Task description: Extract only the first line of the listing and every line after it up to and including the one with "to discuss the". Omit the pictures.
BEGIN Provided information
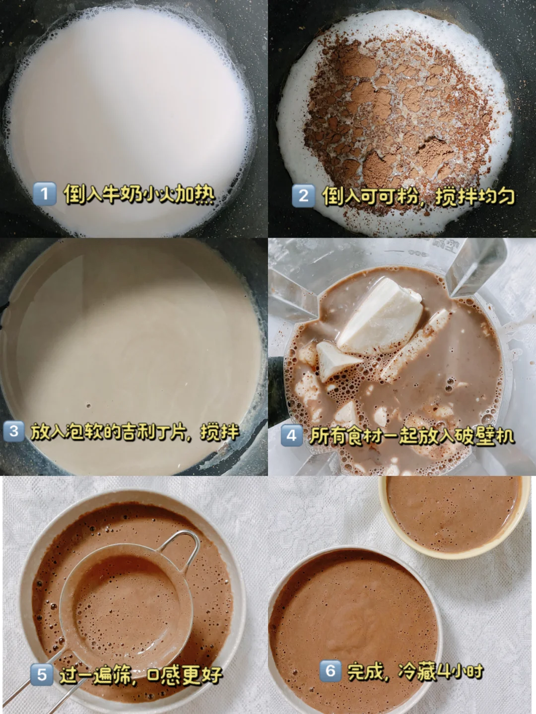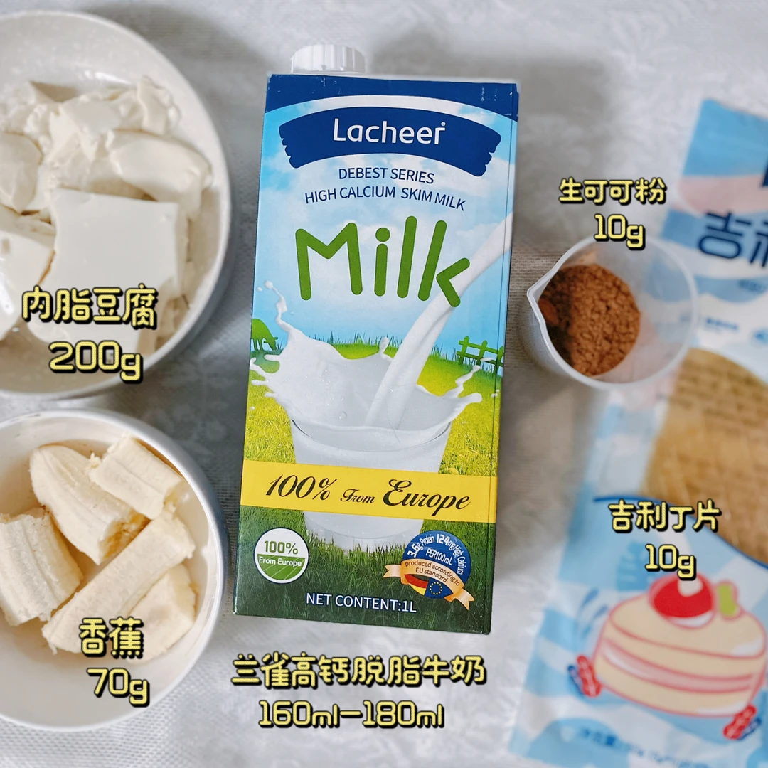内脂豆腐200g、脱脂牛奶160-180g、生可可粉10g、香蕉70g(一小根)、吉利丁片10g
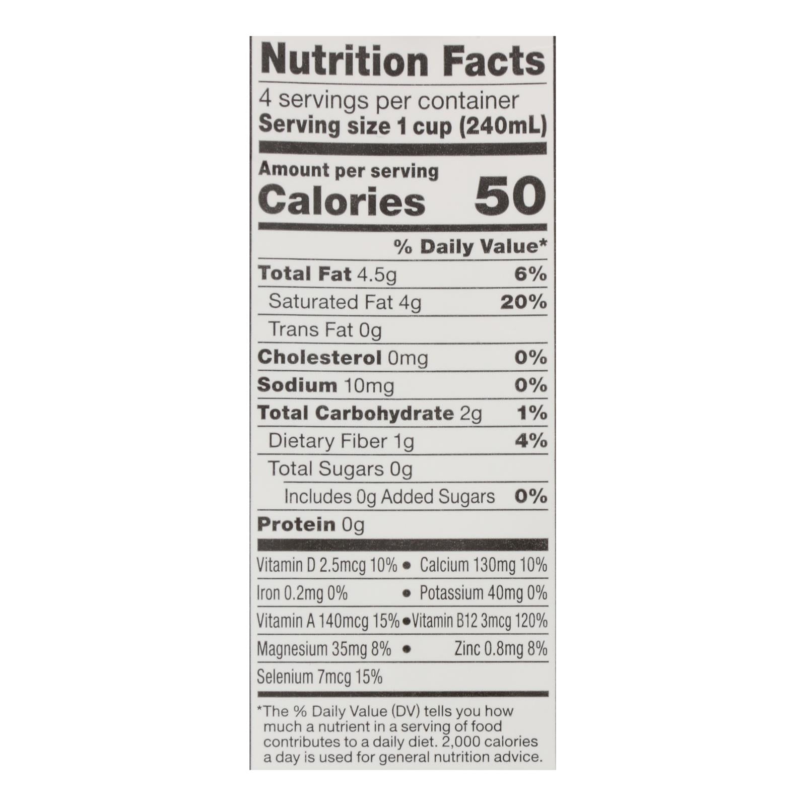 ingredients : organic coconutmilk (filtered water, organic coconut cream);organic guar gum;vitamin and mineral blend (calcium phosphate, magnesium phosphate, calcium carbonate, l-selenomethionine [selenium], vitamin a acetate, vitamin d2, zinc oxide, vitamin b12);natural flavor;xanthan gum
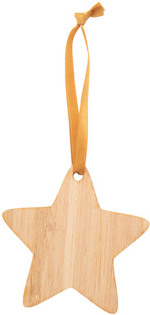 Vánoční ozdoba z bambusové překližky se zlatou stuhou. Dodáváno s oddělenou stuhou.
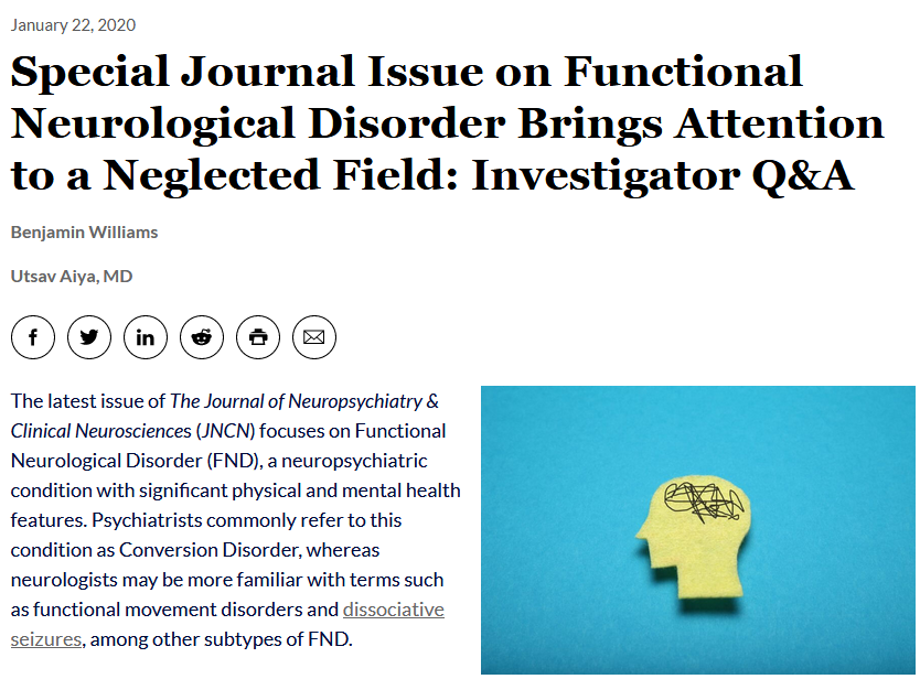 @PsychiatryAdv to discuss the latest issue of@APAPubJNCN focusing on FND.@PerezMGHLab@Tim_R_Nicholson https://bit.ly/30RWWLt pic.twitter.com/GcZGTbStFa
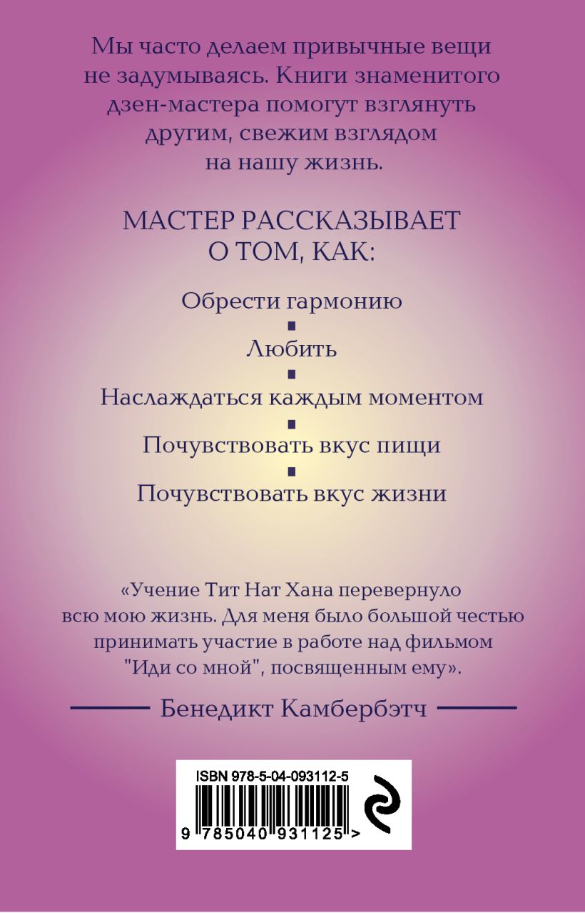 Книги знаменитого мастера дзен медитации помогут взглянуть другим, свежим взглядом на нашу жизнь, начать ценить каждое ее мгновение. Тит Нат Хан рассказывает о том, как обрести гармонию внутри себя и прийти к согласию с окружающим миром, как наладить отношения с любимыми людьми, взрастить подлинные чувства, как осознанно питаться, почувствовать вкус пищи и, наконец, вкус к самой жизни.
END Provided information
Solution for this task:
内脂豆腐200g、脱脂牛奶160-180g、生可可粉10g、香蕉70g(一小根)、吉利丁片10g
 ingredients : organic coconutmilk (filtered water, organic coconut cream);organic guar gum;vitamin and mineral blend (calcium phosphate, magnesium phosphate, calcium carbonate, l-selenomethionine [selenium], vitamin a acetate, vitamin d2, zinc oxide, vitamin b12);natural flavor;xanthan gum
 Vánoční ozdoba z bambusové překližky se zlatou stuhou. Dodáváno s oddělenou stuhou.
 @PsychiatryAdv to discuss the latest issue of@APAPubJNCN focusing on FND.@PerezMGHLab@Tim_R_Nicholson https://bit.ly/30RWWLt pic.twitter.com/GcZGTbStFa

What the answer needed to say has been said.